Приключения двух друзей в жаркой степи (Плюс тридцать пять градусов), стр. 16

А вдруг он думает, у меня в самом деле бешенство? Я пошел шагом…

Возле кошары, там, где мы обычно начинали петь нашу песню-сигнал, стоял Савелий Кузьмич. Какой-то необычный, торжественный, в синем костюме, в новых ботинках. На их носках плавилось заходящее солнце.

— Милости прошу ко мне в дом. — Он церемонно поклонился дяде Володе. — Откушаем по чарочке в честь вашей драгоценной находки.

— Спасибо, как-нибудь в другой раз, Савелий Кузьмич.

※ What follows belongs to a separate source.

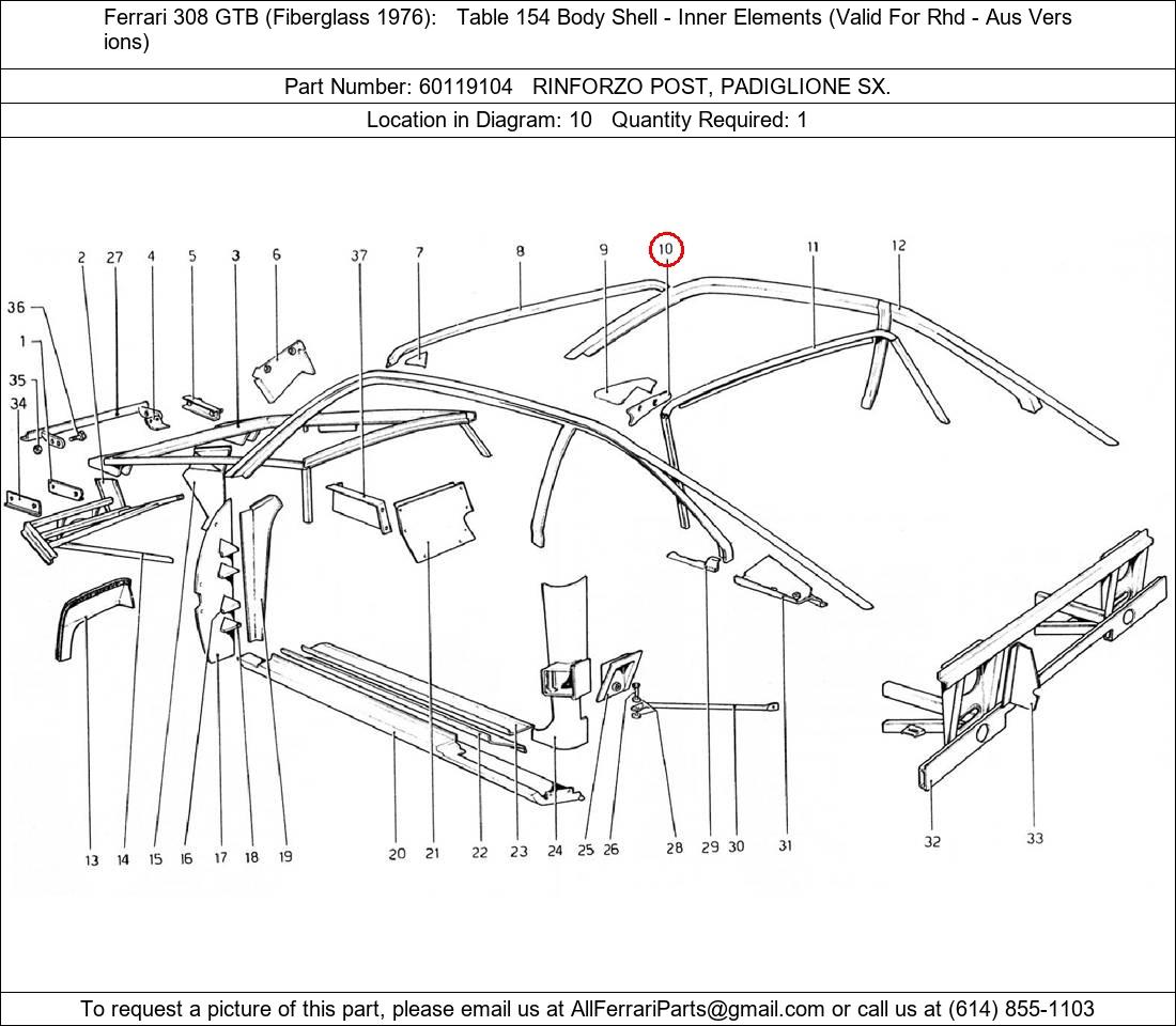 Ferrari Part Number 60119104, RINFORZO POST, PADIGLIONE SX. shown here as used in Ferrari 308 GTB (Fiberglass 1976) Table 154 Body Shell - Inner Elements (Valid For Rhd - Aus Versions). Location in Diagram: 10. Required Quantity: 1. This Ferrari part is used in more than one diagram. Click on the diagrams below to see alternative uses of this part:

Я ведь с ребятами, неудобно.

— Всех приглашаю, окажите честь, — снова поклонился Савелий Кузьмич. — Супруги моей Анисьи Семеновны дома нет, уже два дня как в отъезде, но дорогих гостей сам попотчую. Не какая-нибудь косорыловка, не подумайте. Московскую имею про запас.

— Ой, что вы, — тоненько засмеялась Вера. — Мы же не пьем.

— Что верно, то верно, пить не пьем, а потреблять потребляем, — солидно, пробасил Слава.

— Вот… А для непьющих квасок холодненький найдется, прямо со льда. Пьешь, а внутри все холодит, так — нет? — прищурился Савелий Кузьмич.

— Ой! — взмолилась Вера. — Что вы делаете? Нельзя же так!

Мы с Сашкой радостно подталкивали друг друга. Водка нам ни к чему, водка для нас все равно как касторка. А вот холодный квас после такого жаркого дня — дело!

Дом у Савелия Кузьмича просторный. Но и народу нашего набилось нарядно. Сложили все имущество на кухне, сами прошли в горницу. Савелий Кузьмич забегал со стаканами, с кувшинами.

— Один да один, — сетовал он, накрывая на стол. — Нема у нас с жинкой деток… Ну, по маленькой за большие успехи, так — нет?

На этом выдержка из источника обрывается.